_Task material_:
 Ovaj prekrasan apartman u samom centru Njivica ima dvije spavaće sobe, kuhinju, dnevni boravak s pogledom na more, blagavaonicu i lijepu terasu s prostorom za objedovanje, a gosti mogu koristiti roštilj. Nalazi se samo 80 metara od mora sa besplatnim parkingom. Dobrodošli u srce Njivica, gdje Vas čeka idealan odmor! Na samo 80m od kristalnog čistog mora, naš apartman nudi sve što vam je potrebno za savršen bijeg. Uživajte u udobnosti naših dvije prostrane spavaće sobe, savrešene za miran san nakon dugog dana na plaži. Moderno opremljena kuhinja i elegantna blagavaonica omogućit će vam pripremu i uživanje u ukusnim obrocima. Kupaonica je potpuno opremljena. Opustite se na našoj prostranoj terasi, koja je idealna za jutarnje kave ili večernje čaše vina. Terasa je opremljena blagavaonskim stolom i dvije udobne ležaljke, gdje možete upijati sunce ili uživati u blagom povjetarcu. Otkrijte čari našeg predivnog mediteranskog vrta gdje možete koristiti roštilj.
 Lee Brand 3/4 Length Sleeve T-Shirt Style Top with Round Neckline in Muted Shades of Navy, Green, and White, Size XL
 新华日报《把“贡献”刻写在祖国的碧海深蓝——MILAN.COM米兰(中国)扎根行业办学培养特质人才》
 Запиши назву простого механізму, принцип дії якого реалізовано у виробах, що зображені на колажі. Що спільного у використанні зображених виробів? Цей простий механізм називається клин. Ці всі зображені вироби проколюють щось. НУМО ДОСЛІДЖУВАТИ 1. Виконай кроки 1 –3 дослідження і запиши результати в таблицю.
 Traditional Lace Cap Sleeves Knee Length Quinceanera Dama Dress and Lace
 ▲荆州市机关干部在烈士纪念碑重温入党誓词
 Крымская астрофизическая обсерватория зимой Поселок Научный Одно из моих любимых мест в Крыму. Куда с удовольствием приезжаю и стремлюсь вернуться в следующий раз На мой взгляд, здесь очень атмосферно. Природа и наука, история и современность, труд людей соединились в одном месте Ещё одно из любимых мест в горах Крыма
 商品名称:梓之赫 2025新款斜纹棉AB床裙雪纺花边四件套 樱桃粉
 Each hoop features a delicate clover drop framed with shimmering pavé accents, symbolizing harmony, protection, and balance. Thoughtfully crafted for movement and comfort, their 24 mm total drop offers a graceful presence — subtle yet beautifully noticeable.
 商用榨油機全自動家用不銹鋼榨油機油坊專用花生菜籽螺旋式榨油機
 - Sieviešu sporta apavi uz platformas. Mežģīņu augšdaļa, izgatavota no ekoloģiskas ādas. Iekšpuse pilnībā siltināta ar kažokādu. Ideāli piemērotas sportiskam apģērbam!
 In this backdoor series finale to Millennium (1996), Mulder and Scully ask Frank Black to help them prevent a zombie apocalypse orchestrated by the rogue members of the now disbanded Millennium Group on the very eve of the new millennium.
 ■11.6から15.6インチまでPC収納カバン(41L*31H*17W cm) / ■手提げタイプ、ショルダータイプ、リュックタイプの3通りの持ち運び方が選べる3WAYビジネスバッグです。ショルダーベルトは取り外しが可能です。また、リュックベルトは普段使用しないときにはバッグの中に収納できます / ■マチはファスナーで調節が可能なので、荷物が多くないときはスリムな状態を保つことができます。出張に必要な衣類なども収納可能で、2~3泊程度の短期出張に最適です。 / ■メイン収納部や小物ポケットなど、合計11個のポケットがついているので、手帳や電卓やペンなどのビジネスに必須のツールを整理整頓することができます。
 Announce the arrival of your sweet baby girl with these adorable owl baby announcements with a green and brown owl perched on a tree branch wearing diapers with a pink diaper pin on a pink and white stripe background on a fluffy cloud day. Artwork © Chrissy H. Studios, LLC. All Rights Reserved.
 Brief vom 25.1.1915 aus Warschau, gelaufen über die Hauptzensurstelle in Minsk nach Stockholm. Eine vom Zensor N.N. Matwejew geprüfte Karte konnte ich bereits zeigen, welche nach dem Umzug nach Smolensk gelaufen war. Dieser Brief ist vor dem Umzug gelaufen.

_Task to complete_: Would you please repeat all the entries exactly as written?

_Result_:
 Ovaj prekrasan apartman u samom centru Njivica ima dvije spavaće sobe, kuhinju, dnevni boravak s pogledom na more, blagavaonicu i lijepu terasu s prostorom za objedovanje, a gosti mogu koristiti roštilj. Nalazi se samo 80 metara od mora sa besplatnim parkingom. Dobrodošli u srce Njivica, gdje Vas čeka idealan odmor! Na samo 80m od kristalnog čistog mora, naš apartman nudi sve što vam je potrebno za savršen bijeg. Uživajte u udobnosti naših dvije prostrane spavaće sobe, savrešene za miran san nakon dugog dana na plaži. Moderno opremljena kuhinja i elegantna blagavaonica omogućit će vam pripremu i uživanje u ukusnim obrocima. Kupaonica je potpuno opremljena. Opustite se na našoj prostranoj terasi, koja je idealna za jutarnje kave ili večernje čaše vina. Terasa je opremljena blagavaonskim stolom i dvije udobne ležaljke, gdje možete upijati sunce ili uživati u blagom povjetarcu. Otkrijte čari našeg predivnog mediteranskog vrta gdje možete koristiti roštilj.
 Lee Brand 3/4 Length Sleeve T-Shirt Style Top with Round Neckline in Muted Shades of Navy, Green, and White, Size XL
 新华日报《把“贡献”刻写在祖国的碧海深蓝——MILAN.COM米兰(中国)扎根行业办学培养特质人才》
 Запиши назву простого механізму, принцип дії якого реалізовано у виробах, що зображені на колажі. Що спільного у використанні зображених виробів? Цей простий механізм називається клин. Ці всі зображені вироби проколюють щось. НУМО ДОСЛІДЖУВАТИ 1. Виконай кроки 1 –3 дослідження і запиши результати в таблицю.
 Traditional Lace Cap Sleeves Knee Length Quinceanera Dama Dress and Lace
 ▲荆州市机关干部在烈士纪念碑重温入党誓词
 Крымская астрофизическая обсерватория зимой Поселок Научный Одно из моих любимых мест в Крыму. Куда с удовольствием приезжаю и стремлюсь вернуться в следующий раз На мой взгляд, здесь очень атмосферно. Природа и наука, история и современность, труд людей соединились в одном месте Ещё одно из любимых мест в горах Крыма
 商品名称:梓之赫 2025新款斜纹棉AB床裙雪纺花边四件套 樱桃粉
 Each hoop features a delicate clover drop framed with shimmering pavé accents, symbolizing harmony, protection, and balance. Thoughtfully crafted for movement and comfort, their 24 mm total drop offers a graceful presence — subtle yet beautifully noticeable.
 商用榨油機全自動家用不銹鋼榨油機油坊專用花生菜籽螺旋式榨油機
 - Sieviešu sporta apavi uz platformas. Mežģīņu augšdaļa, izgatavota no ekoloģiskas ādas. Iekšpuse pilnībā siltināta ar kažokādu. Ideāli piemērotas sportiskam apģērbam!
 In this backdoor series finale to Millennium (1996), Mulder and Scully ask Frank Black to help them prevent a zombie apocalypse orchestrated by the rogue members of the now disbanded Millennium Group on the very eve of the new millennium.
 ■11.6から15.6インチまでPC収納カバン(41L*31H*17W cm) / ■手提げタイプ、ショルダータイプ、リュックタイプの3通りの持ち運び方が選べる3WAYビジネスバッグです。ショルダーベルトは取り外しが可能です。また、リュックベルトは普段使用しないときにはバッグの中に収納できます / ■マチはファスナーで調節が可能なので、荷物が多くないときはスリムな状態を保つことができます。出張に必要な衣類なども収納可能で、2~3泊程度の短期出張に最適です。 / ■メイン収納部や小物ポケットなど、合計11個のポケットがついているので、手帳や電卓やペンなどのビジネスに必須のツールを整理整頓することができます。
 Announce the arrival of your sweet baby girl with these adorable owl baby announcements with a green and brown owl perched on a tree branch wearing diapers with a pink diaper pin on a pink and white stripe background on a fluffy cloud day. Artwork © Chrissy H. Studios, LLC. All Rights Reserved.
 Brief vom 25.1.1915 aus Warschau, gelaufen über die Hauptzensurstelle in Minsk nach Stockholm. Eine vom Zensor N.N. Matwejew geprüfte Karte konnte ich bereits zeigen, welche nach dem Umzug nach Smolensk gelaufen war. Dieser Brief ist vor dem Umzug gelaufen.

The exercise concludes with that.